◆ Excerpted data ◆

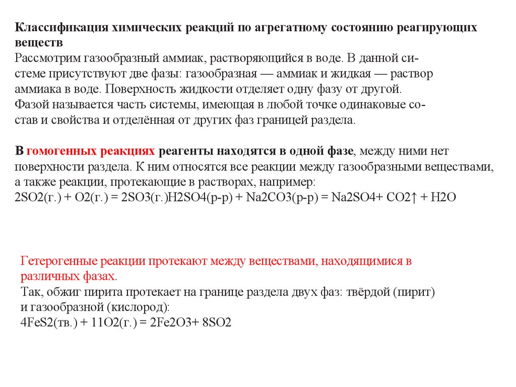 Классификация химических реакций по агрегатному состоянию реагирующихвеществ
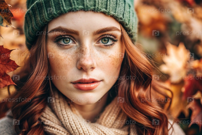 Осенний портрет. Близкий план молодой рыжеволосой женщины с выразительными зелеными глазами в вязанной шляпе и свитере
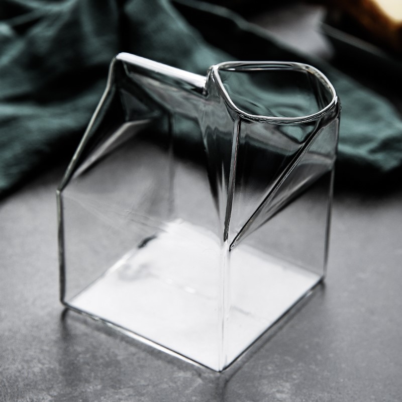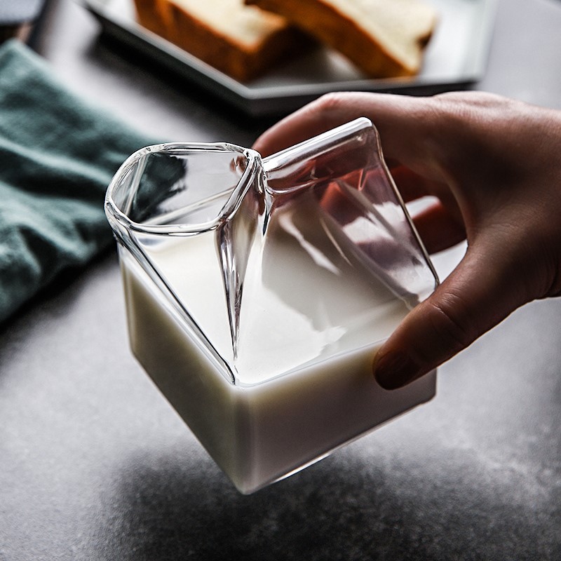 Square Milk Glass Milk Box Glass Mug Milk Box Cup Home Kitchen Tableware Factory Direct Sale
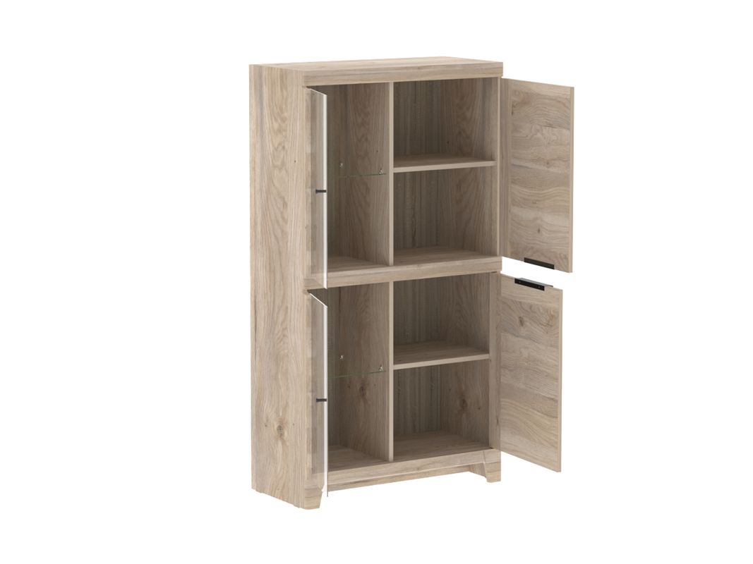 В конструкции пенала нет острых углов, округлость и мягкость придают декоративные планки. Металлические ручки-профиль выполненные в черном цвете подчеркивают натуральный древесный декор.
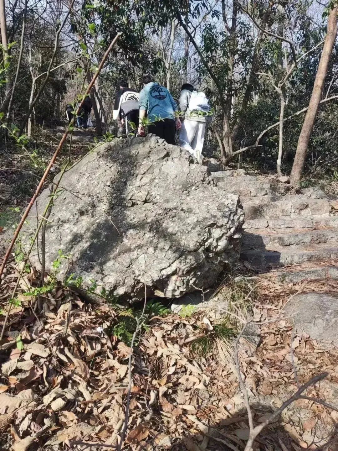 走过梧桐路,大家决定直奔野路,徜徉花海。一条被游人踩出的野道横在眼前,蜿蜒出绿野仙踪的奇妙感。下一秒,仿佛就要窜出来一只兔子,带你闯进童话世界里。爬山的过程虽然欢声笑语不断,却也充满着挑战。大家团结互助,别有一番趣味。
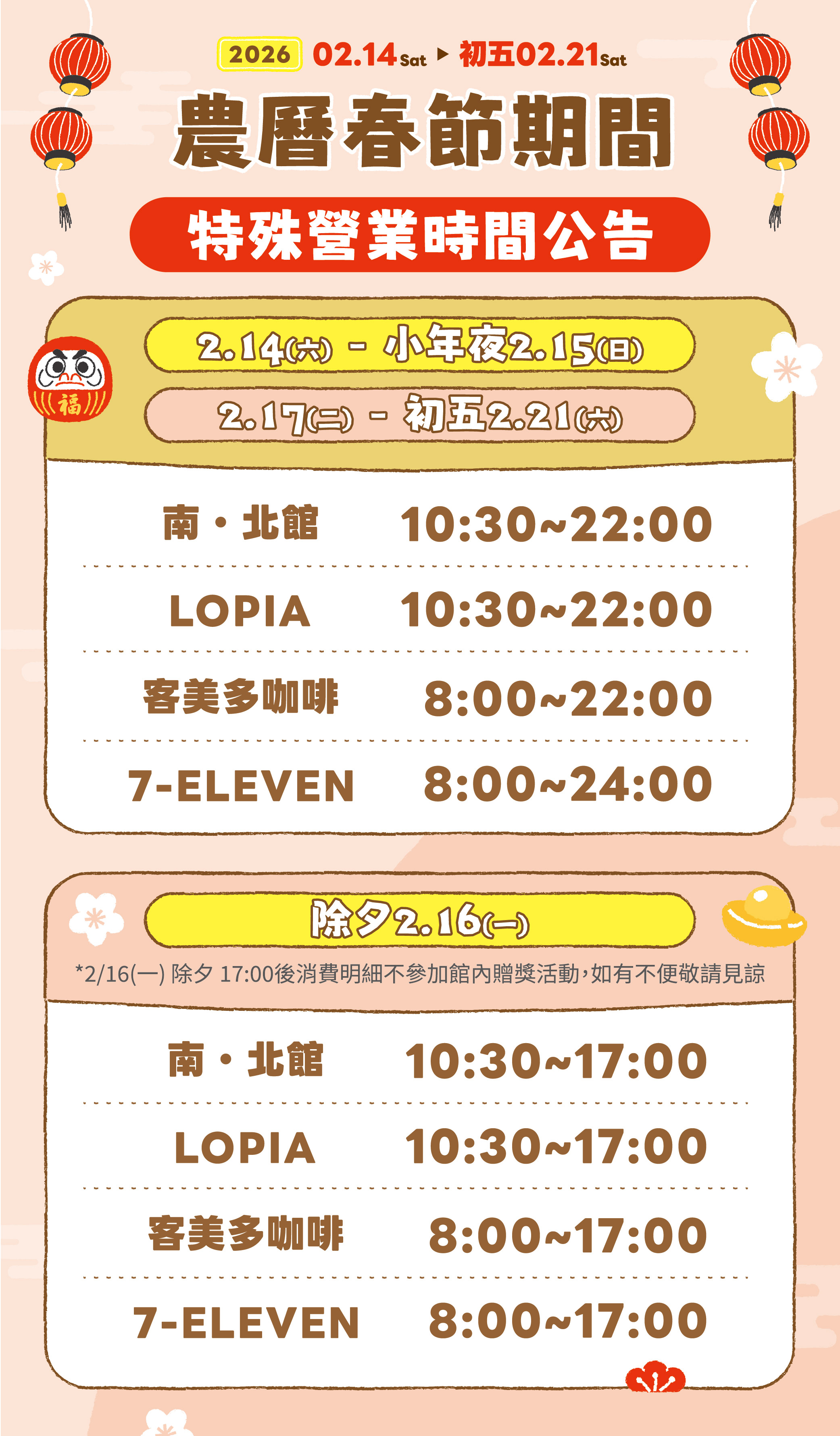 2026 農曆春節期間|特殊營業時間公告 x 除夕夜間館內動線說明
---
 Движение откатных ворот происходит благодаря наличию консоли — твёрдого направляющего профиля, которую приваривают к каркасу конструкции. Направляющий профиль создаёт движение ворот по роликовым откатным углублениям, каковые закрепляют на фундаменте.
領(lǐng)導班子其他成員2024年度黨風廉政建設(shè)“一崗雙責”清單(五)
* * *
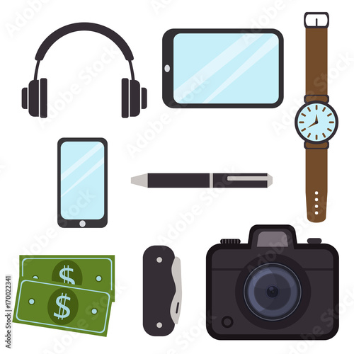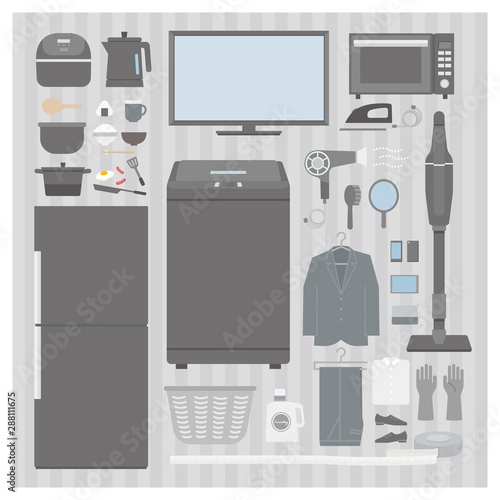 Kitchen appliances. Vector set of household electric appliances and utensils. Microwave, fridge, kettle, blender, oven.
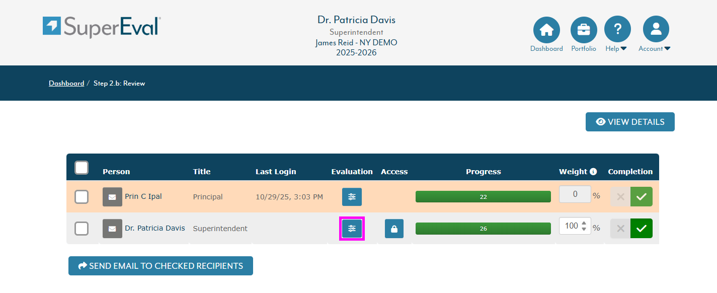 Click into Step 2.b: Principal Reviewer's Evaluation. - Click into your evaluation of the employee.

◆ Instructions to follow ◆
Copy everything above from the line holding "Kitchen appliances. Vector" down to the line holding "Click into Step", both ends included, exactly as it stands and without the pictures.

◆ Exercise answer ◆
 Kitchen appliances. Vector set of household electric appliances and utensils. Microwave, fridge, kettle, blender, oven.
 Click into Step 2.b: Principal Reviewer's Evaluation. - Click into your evaluation of the employee.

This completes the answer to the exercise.